ACTIVITY = Work through the listing below and give again exactly the lines from the one with "- рядом парк, Аннинское" to the one with "Digital Sheet Music", both ends included. All other lines and all pictures stay out.

DATA EXCERPTS =
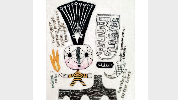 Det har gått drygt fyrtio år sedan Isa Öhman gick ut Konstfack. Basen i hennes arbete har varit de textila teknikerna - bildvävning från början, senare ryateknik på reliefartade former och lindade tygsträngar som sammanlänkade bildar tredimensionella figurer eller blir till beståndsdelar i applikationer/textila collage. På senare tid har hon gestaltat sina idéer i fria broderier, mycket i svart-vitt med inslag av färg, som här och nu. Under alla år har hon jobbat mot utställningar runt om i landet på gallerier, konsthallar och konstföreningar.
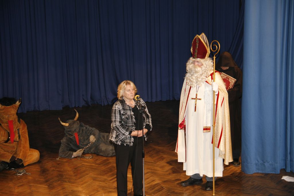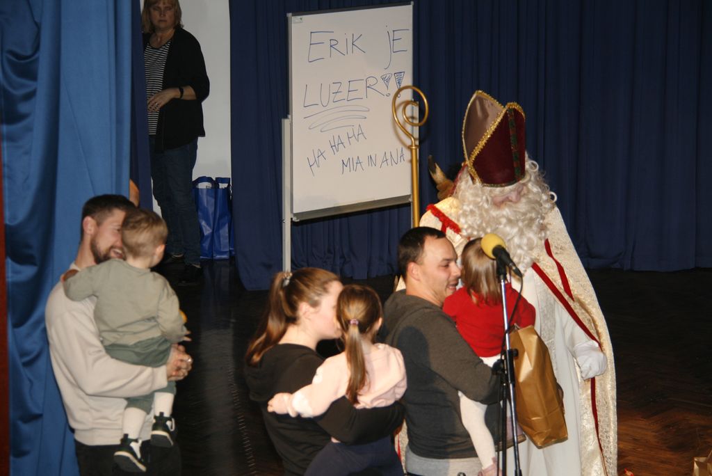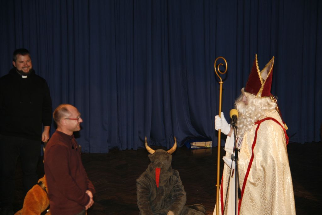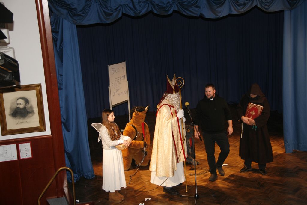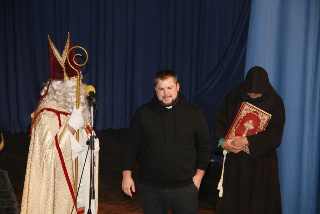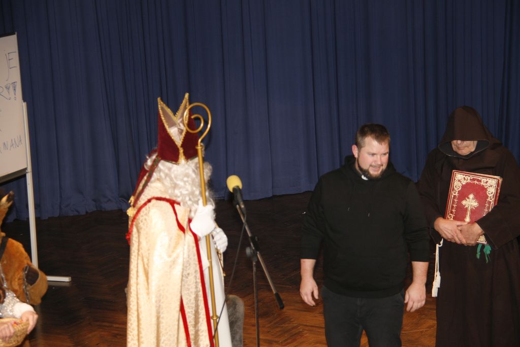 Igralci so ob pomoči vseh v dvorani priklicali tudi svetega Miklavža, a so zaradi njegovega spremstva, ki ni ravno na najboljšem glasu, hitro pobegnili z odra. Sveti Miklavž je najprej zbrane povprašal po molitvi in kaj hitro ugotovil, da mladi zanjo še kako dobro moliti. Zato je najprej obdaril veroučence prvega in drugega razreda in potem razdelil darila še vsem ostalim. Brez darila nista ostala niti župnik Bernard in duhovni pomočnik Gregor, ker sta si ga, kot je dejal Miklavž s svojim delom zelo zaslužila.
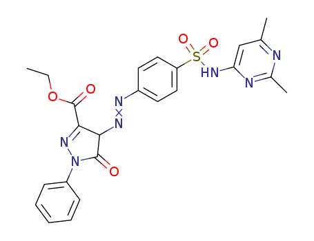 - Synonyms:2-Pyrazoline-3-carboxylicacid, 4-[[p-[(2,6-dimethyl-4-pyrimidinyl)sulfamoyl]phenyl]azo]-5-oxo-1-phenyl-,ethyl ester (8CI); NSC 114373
---
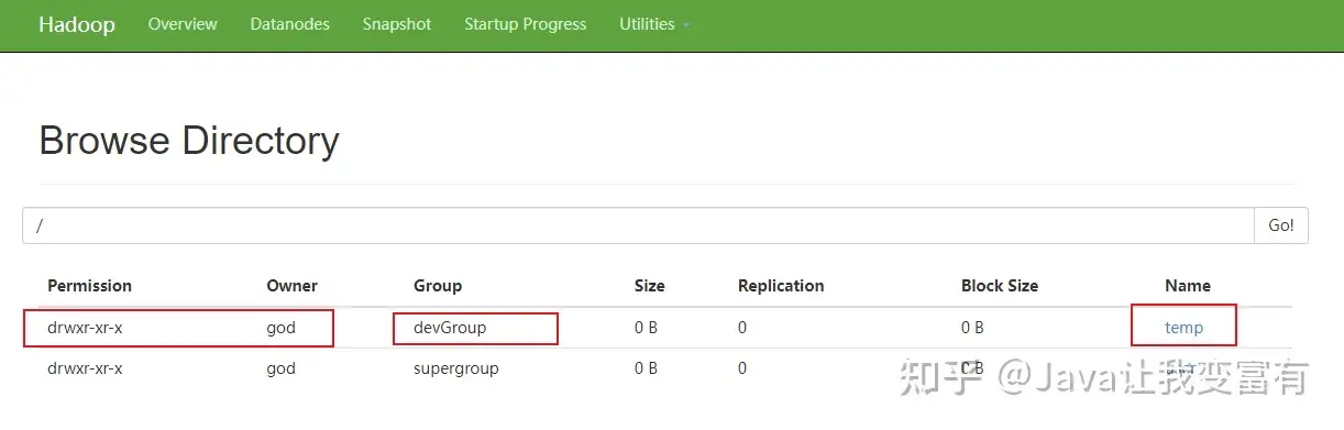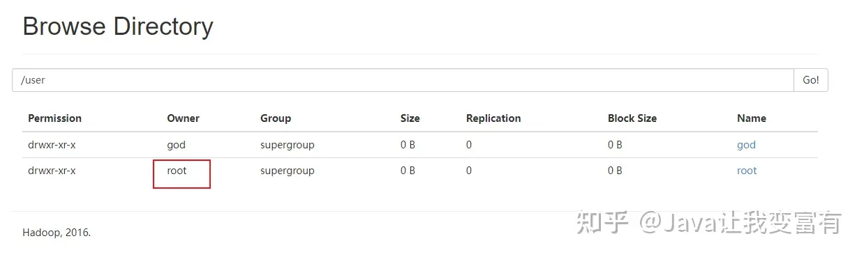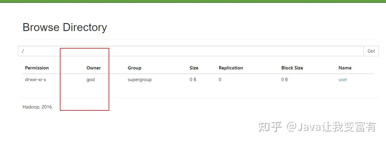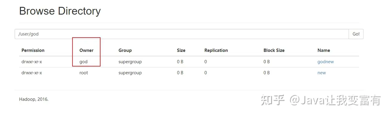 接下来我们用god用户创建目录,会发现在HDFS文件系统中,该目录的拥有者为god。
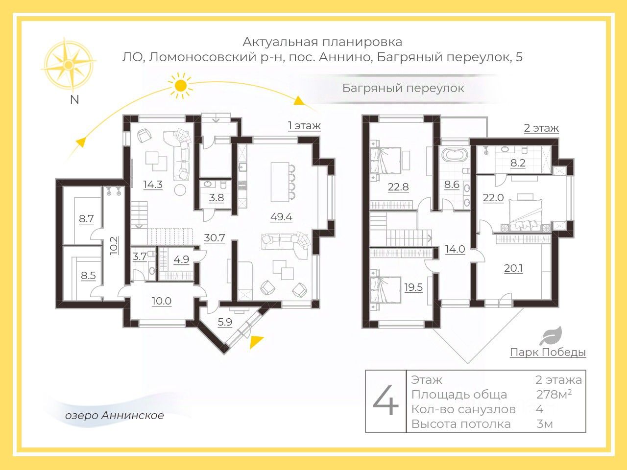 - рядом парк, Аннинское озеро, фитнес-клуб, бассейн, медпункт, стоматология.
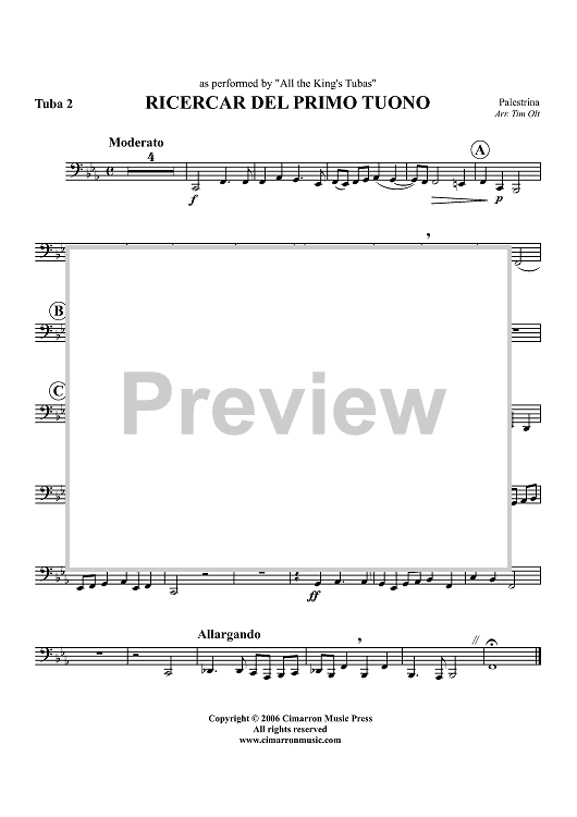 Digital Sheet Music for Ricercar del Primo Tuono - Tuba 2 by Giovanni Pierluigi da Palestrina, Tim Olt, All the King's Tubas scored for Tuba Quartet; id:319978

REPLY =
 - рядом парк, Аннинское озеро, фитнес-клуб, бассейн, медпункт, стоматология.
 Digital Sheet Music for Ricercar del Primo Tuono - Tuba 2 by Giovanni Pierluigi da Palestrina, Tim Olt, All the King's Tubas scored for Tuba Quartet; id:319978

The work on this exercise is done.